​A history of violence: Jahangirpuri is but another event in a historical continuum

Prime Minister Narendra Modi

As a matter of predictable historical consistency, Muslims in India have vented their ire on Hindus whenever they have lost relevance — social, political, economic — and whenever their self-image of once-rulers of India has eroded in any measure.

The latest bout of anti-Hindu violence in Delhi’s Jahangirpuri was just another event in this historical continuum, a part of patterned collective action of the Muslim community at a perceived loss of historical ‘superiority’.
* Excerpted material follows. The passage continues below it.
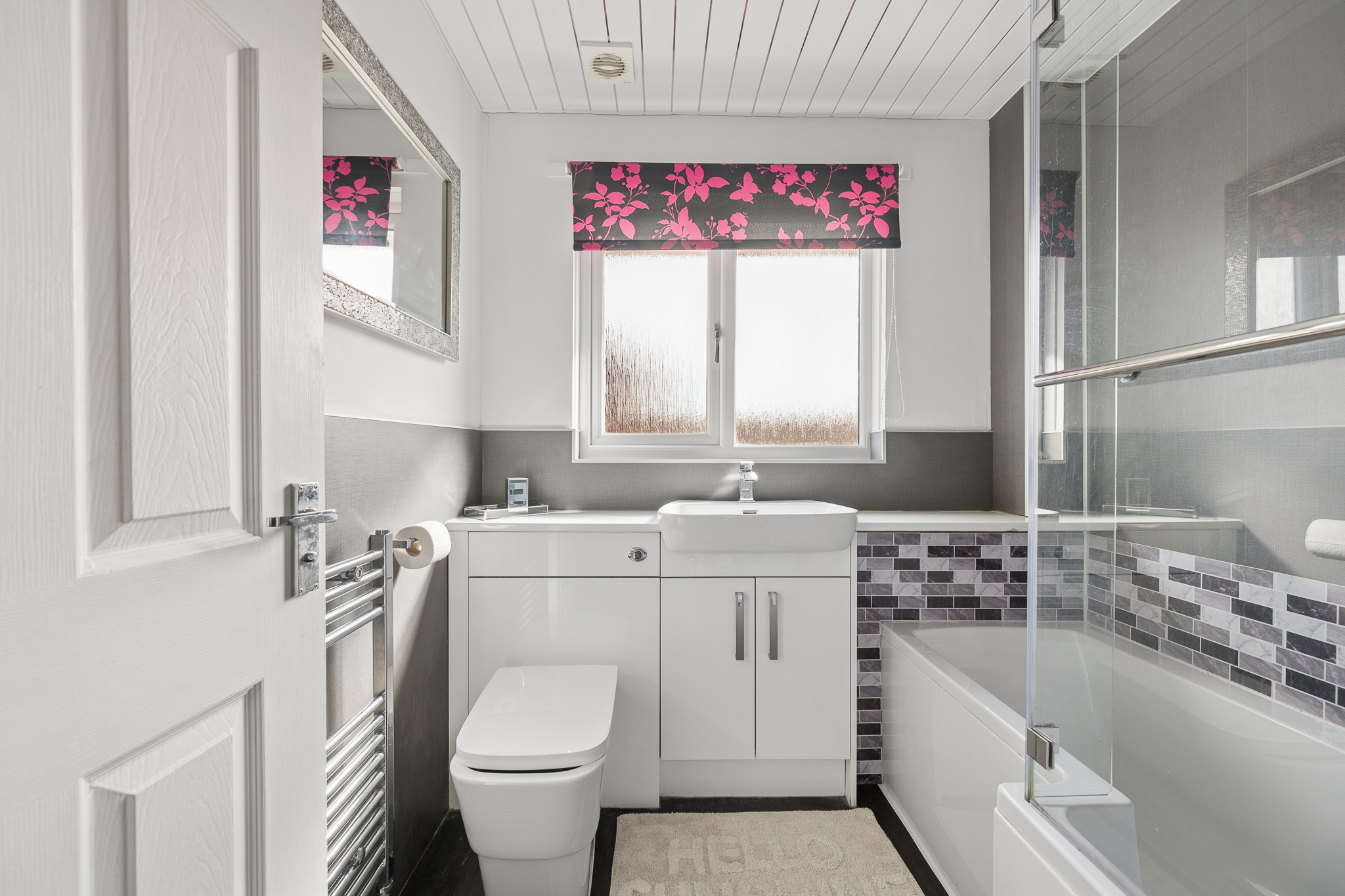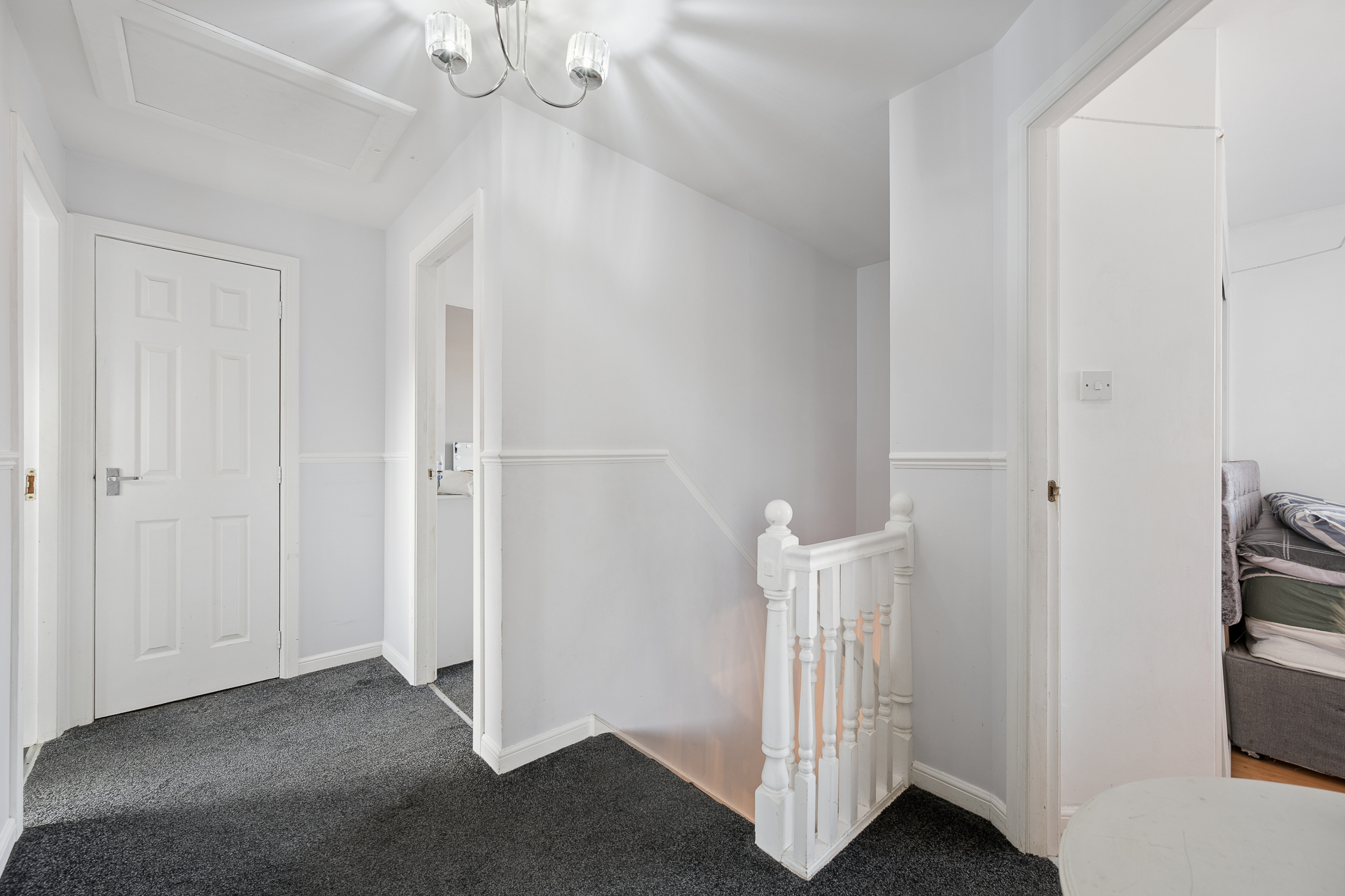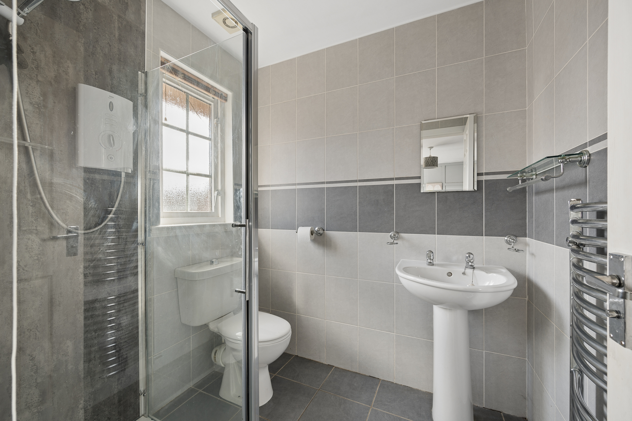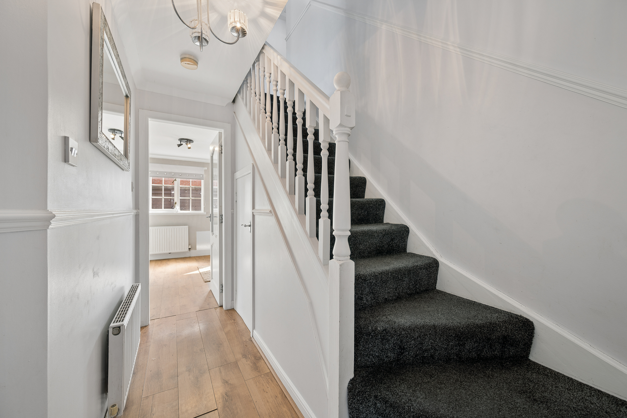 Upstairs, the landing leads to three well proportioned bedrooms. The principal bedroom is a beautifully presented retreat, complete with fitted mirrored wardrobes, soft neutral tones, plush carpeting and a modern en-suite shower room finished with contemporary tiling.

While it is just stating the obvious that the Muslim community is feeling the heat of a resurgent Hindu consciousness that sees itself as the legatee of thousands of years old civilisational existence, the Muslim reaction to it, far from being reasoned and logical, has been elemental as always. They have always gone ape whenever faced with a Hindu challenge.

To put it another way, whenever the Muslim community has perceived (perceived being the operative word here) a Hindu consolidation or even the remote moorings of a communitarian collective emerging from within the Hindus, they have felt anxious, nervous and unnerved. The unease among a large section of the Muslim Ummah quite evident and public since 2014 — after the rise of Narendra Modi whose persona has consolidated the imagination of the Hindu community — is nothing new, just a replication of Muslim response in such situations in the past.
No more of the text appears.